Travailler en BIM n'est pas l'apanage des seuls grands groupes. À condition d'agir avec méthode, le Building Information Modeling (BIM), ce modèle informatique de conception, construction et exploitation d'un bâtiment à partir d'une maquette numérique en trois dimensions, est tout à fait accessible aux PME.
Créée en 1932 par des maçons d'origine italienne, installée à Gap dans les Hautes-Alpes et employant 49 salariés pour un chiffre d'affaires annuel avoisinant les 16 millions d'euros, la société Ragoucy en est un parfait exemple. Lauréate d'un concours de conception-réalisation de 35 logements à Manosque, organisé par le bailleur social Habitations de Haute Provence, l'entreprise a décidé de profiter de ce succès pour expérimenter une démarche BIM. Dessiné en maquette 3D, l'ensemble résidentiel, dénommé Les Roses de Provence, sera livré en juillet 2017. Pourquoi s'être lancé dans cette aventure qui n'était pas imposée par le client?? « Je suis convaincu qu'il ne faut pas tergiverser sur le BIM, il faut y aller.

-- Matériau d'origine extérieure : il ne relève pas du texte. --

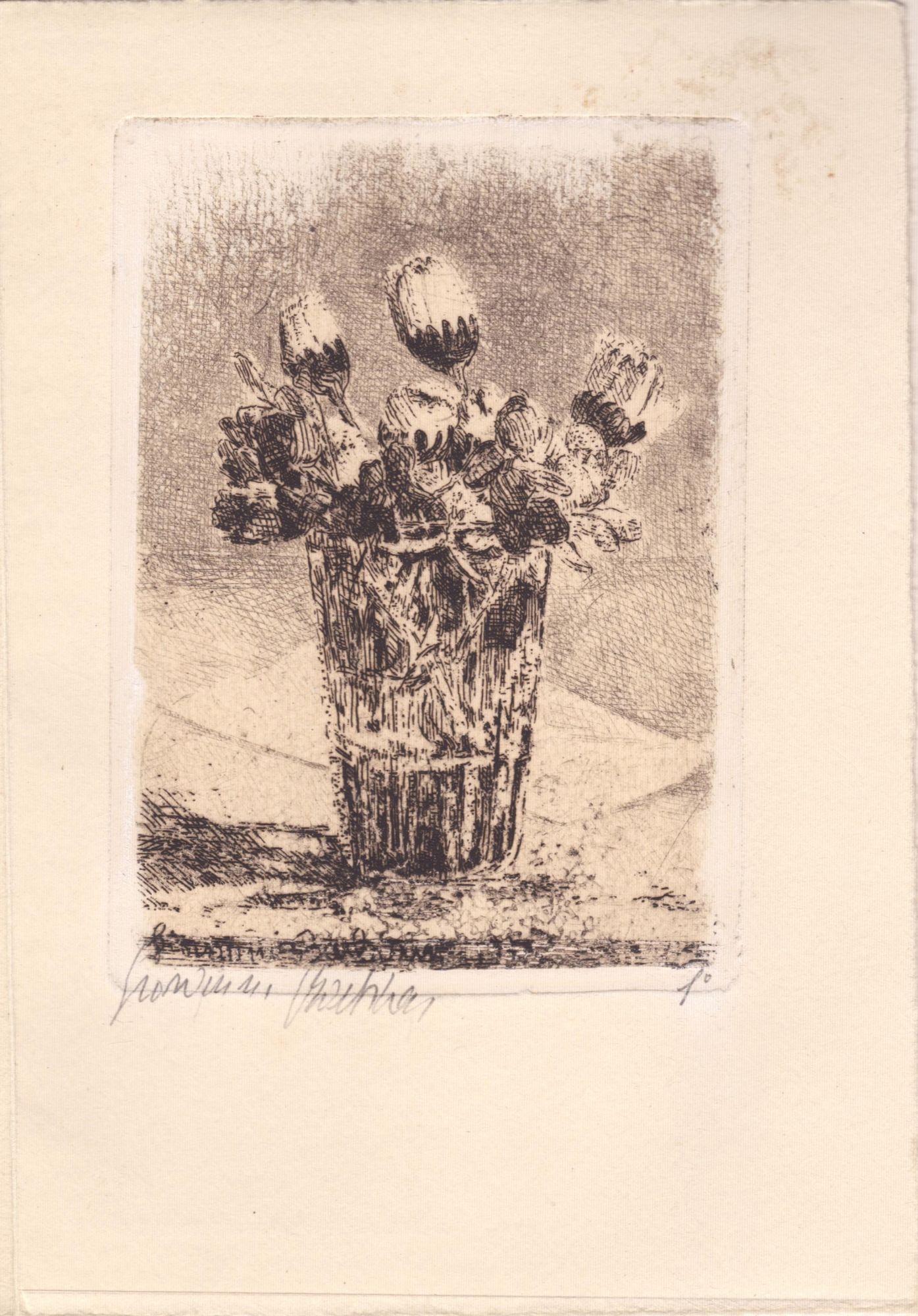 c. Vaso con fiori, acquaforte, 113 x 80 mm (lastra), bella e fresca impressione su cartoncino (bifolio), firmata a matita, in basso a destra: 1°

Or, la relative simplicité des bâtiments à construire était l'occasion rêvée de nous faire la main sur cet outil », répond Nicolas Chabrand, le dirigeant de Ragoucy. Pour lui, faire en sorte que l'entreprise maîtrise rapidement le BIM ne représente en fait qu'une nouvelle étape dans une longue série de démarches de progrès. Diplômé en 1987 de l'Institut national des sciences appliquées de Toulouse, cet ingénieur travaux fait ses premières armes chez Bouygues Construction, avant, deux ans plus tard, d'être appelé par la famille Ragoucy - avec laquelle il a des liens de parenté. Sous l'autorité de Pascal Ragoucy, qui avait pris en 1985 les rênes de l'entreprise fondée par son grand-père, Nicolas Chabrand élargit alors l'activité de gros œuvre aux contrats d'entreprise générale et de conception-réalisation.
Il lance en 1995 une démarche qualité. En 2004, Pascal Ragoucy décide de se retirer et propose à Nicolas Chabrand de reprendre l'entreprise. En 2010, il lance Ragoucy dans une démarche environnementale. « C'était la suite logique de nos efforts en matière de sécurité », explique-t-il.

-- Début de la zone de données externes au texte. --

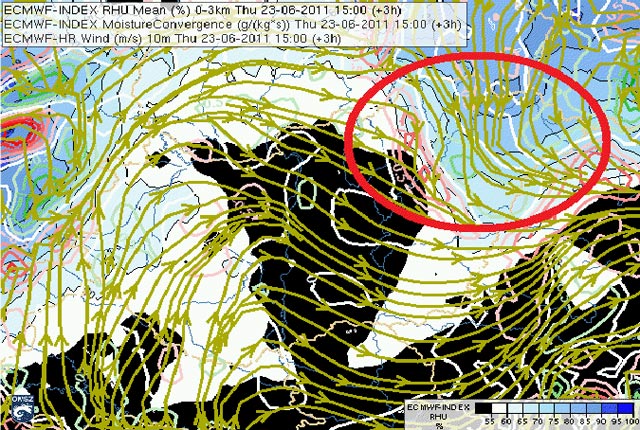 konvergencia az alsó szinteken nagyobb rétegvastagságban biztosították az erős összeáramlást az északkeleti térségben, ahol ekkorra alacsonyszinteken már

Tablettes numériques dès 2010
Une fois maîtrisé ce nouvel objectif, restait une autre étape à franchir : préparer l'entreprise à la révolution numérique. Au début des années 2010, quelques chefs de chantier volontaires se voient attribuer des tablettes numériques leur permettant de réduire au maximum les documents papier sur le terrain (notices de matériel, pointages d'heures, contrats d'intérim…).

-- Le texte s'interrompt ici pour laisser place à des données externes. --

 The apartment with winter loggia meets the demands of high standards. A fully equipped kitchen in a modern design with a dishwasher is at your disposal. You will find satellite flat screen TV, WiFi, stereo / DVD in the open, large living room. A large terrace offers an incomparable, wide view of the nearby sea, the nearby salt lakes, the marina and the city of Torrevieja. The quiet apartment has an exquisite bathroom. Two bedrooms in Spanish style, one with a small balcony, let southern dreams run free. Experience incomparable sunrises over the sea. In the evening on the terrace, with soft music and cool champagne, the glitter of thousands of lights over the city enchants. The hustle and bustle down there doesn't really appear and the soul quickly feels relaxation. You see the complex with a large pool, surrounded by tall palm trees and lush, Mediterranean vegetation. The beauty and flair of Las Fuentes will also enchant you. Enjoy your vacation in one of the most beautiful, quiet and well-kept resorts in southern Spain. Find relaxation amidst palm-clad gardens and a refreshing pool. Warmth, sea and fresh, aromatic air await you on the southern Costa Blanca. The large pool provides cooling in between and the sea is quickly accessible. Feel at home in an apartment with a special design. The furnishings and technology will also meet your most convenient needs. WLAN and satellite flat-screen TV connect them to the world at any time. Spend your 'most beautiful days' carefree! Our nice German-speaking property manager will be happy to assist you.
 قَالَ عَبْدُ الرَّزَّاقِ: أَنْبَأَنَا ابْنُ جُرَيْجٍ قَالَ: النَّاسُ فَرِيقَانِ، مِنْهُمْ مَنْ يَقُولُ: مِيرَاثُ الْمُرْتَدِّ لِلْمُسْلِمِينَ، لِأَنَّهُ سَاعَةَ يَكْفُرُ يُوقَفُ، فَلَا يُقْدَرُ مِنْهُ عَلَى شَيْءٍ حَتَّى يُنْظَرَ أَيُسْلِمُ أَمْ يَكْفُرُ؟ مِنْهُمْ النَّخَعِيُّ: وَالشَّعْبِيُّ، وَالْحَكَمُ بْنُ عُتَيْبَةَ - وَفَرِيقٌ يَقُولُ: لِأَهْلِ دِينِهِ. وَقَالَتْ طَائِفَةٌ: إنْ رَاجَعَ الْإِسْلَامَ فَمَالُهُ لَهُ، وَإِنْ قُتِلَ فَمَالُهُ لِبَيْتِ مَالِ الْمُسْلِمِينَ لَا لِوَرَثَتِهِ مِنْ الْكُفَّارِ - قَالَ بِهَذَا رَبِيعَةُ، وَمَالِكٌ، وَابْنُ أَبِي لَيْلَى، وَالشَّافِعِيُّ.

Et en 2015, leurs autres collègues passent à la tablette. Pourquoi ce décalage dans le temps?? « Le numérique représentait une révolution pour les chefs de chantier, constate Nicolas Chabrand. Il fallait les laisser se familiariser avec cet outil. » Ce préalable acquis, le dirigeant a alors pu allumer « le deuxième étage de la fusée » que représente la conception en BIM du lotissement des Roses de Provence. Pour ce faire, Ragoucy a financé la formation de ses équipes en charge du gros œuvre, à laquelle ont participé les deux cabinets d'architectes et les bureaux d'études structure et fluides du projet.
Il a aussi été inclus dans le cahier des charges des entreprises sous-traitantes une formation de deux demi-journées financées par l'IRFB PACA, afin de sensibiliser l'ensemble des acteurs à la démarche BIM.
Enfin, Nicolas Chabrand a confié à l'un des deux architectes, en le rémunérant, la gestion de la maquette numérique du projet. Quel premier bilan en tire-t-il ? « Le temps investi en amont, nous le récupérons déjà en aval car la maquette numérique nous permet d'anticiper beaucoup de problèmes sur le terrain et d'harmoniser le travail des différents intervenants. » Fidèle à sa règle d'avancer pas après pas, Nicolas Chabrand ne généralisera cependant le BIM qu'après avoir tiré tous les enseignements de ce chantier. Ce qui ne l'empêche pas de réfléchir d'ores et déjà à la prochaine révolution : l'arrivée des robots dans les métiers du BTP.